# Something I noticed...



## BredliFreak (Oct 16, 2015)

I was reading the NSW licence list today and I saw some stuff that I have never seen kept before but are cool animals, such as Kimberley Beardies (pogona microlepidota), Verreaux's skinks and DeVis' snakes. Why is this?

Regards,
Bredli


----------



## mad_at_arms (Oct 17, 2015)

Quite simply, there is probably very few if any in the captive market.
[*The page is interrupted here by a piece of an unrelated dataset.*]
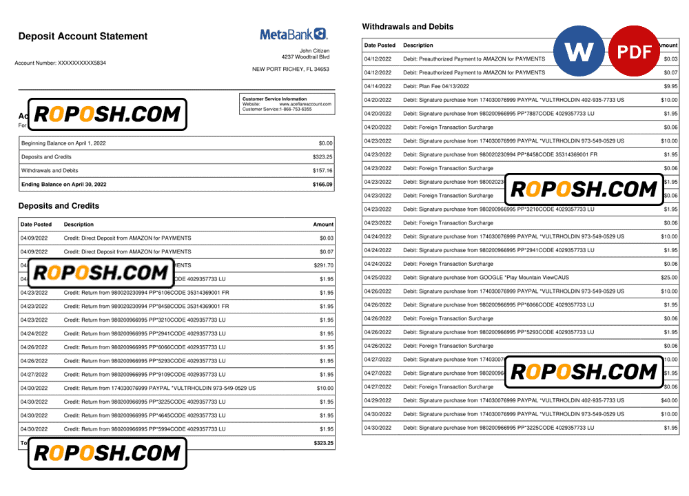Get your fully editable USA Metabank deposit account statement template from Roposh today. Customize it with your own information to create realistic bank statements for your projects. Ideal for when your bank statement is expired, stolen, or unavailable. We also offer editable credit card templates, ID card templates, bank statement PSD templates, driver’s license PSD templates, and printable editable blank utility bill templates.

Some species despite be available on the schedule don't deal well with captive conditions and other species, keepers are yet to fully understand their needs to be able to keep and breed them successfully.


----------



## CrazyNut (Oct 17, 2015)

Much like Eyrean Earless dragon's (Tympanocryptis tetraporophora) down here in victoria.


----------



## BredliFreak (Oct 21, 2015)

*****ly forest skinks(G. queenslandidae)... NicGeee would be drooling if people kept them... One of the coolest small skinks I've seen!


----------



## baker (Oct 21, 2015)

BredliFreak said:


> *****ly forest skinks(G. queenslandidae)... NicGeee would be drooling if people kept them... One of the coolest small skinks I've seen!


You may want to get yourself a towel or something then, they are currently kept. From what I hear they are not to exciting to keep, they just like to sit under their logs most of the time. Still a cool species though and would be interesting to keep.

Cheers Cameron.


----------